Your error is in assuming it is a reflection. It is NOT a reflection
which, by definition, involves one wave. It is a redistribution of
energy due to superposition which, by definition, involves two or more
waves. In a system designed to eliminate reflections at the source,
ALL of the redistribution of reflected energy back toward the load is
due to superposition accompanied by interference. From the FSU web
site:

"... when two waves of equal amplitude and wavelength that are 180-
degrees ... out of phase with each other meet, they are not actually
annihilated, ... All of the ... energy present in these waves must
somehow be recovered or redistributed in a new direction, according to
the law of energy conservation ..."

Nothing said about *reflection* (involving a single wave). It is all
about the meeting (superposition) of two waves which can cause the
redistribution of energy. It may look somewhat like a reflection but
it is technically NOT a reflection.
--
73, Cecil, w5dxp.com

On Jun 25, 2:13*am, lu6etj wrote:
In a TL, instead, total destructive interference in one point would
mean energy stop flowing from that point forwards (is it OK say
"forwards"?) and reverse its flow direction doubling his value, is it
OK?.

In our ham transmission line systems, the goal is to accomplish total
destructive interference toward the source, i.e. zero reflected energy
incident upon the source. So let's talk about destructive interference
toward the source and constructive interference toward the load.

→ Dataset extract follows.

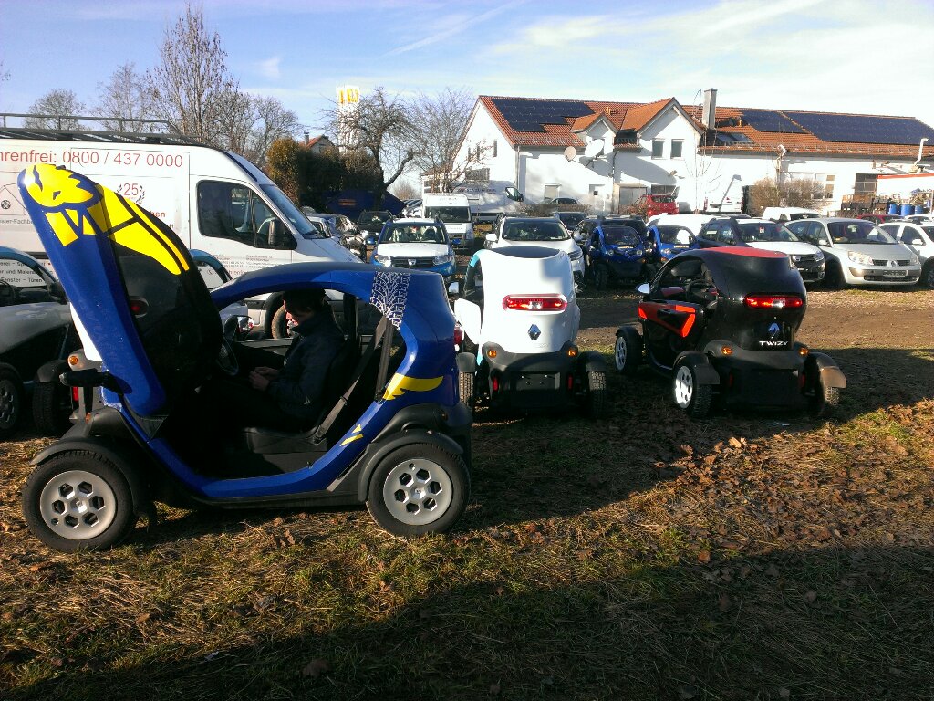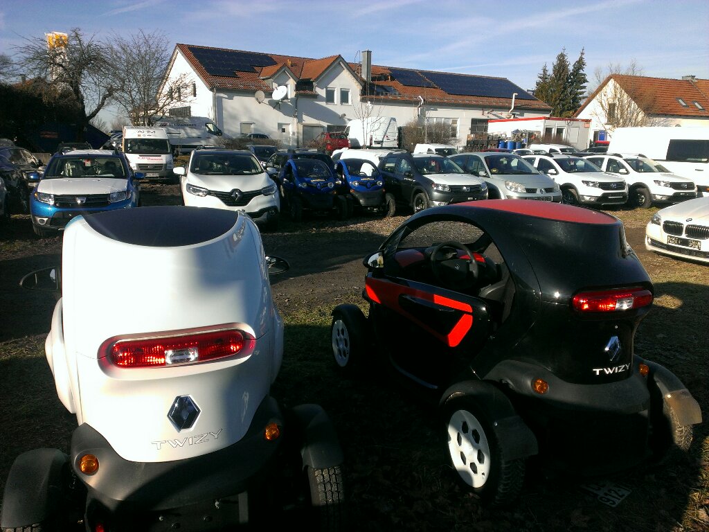 Ich habe mir die Twizy's mal genauer angeschaut und es sind ehemalige Miet-Twizy's aus Frankreich. Wenig km aber ziemlich runtergerockert. Technisch scheinen sie OK zu sein (Bremsen, was ich sehen konnte). Sie haben aber teilweise hässliche selbstgebastelte Schmutzfänger und hinten Löcher wegen irgendwelche Gepäckträger o.ä. Leider alles nichts für uns. Bei dem aktuellen Neuwagenrabatt von Renault sind sie mir dann doch zu teuer.

You name it "redistribution" too, not reflection.

By definition, reflection is something that happens to a single wave.
By definition, superposition involves two or more waves. The
redistribution that I am talking about can include both reflection and
superposition if both are present. Depending upon the system
configuration, both may be present, both may be absent, or one exist
without the other.

Well, my
question was how we can set (devise) an experiment to get such
behaviour in a TL?

I've presented it before and it is a simple Z0-match involving a 1/4WL
matching section.

50w-----50 ohm------+------1/4WL 300 ohm------1800 ohm load

On the source side, rho at '+' is 0.7143

Using a TDR, we can verify that there is indeed a reflection from the
50/300 ohm impedance discontinuity. What happens to that reflection
during steady-state?

What happens to Vfor1(rho) = 50v(0.7143) = 35.7v?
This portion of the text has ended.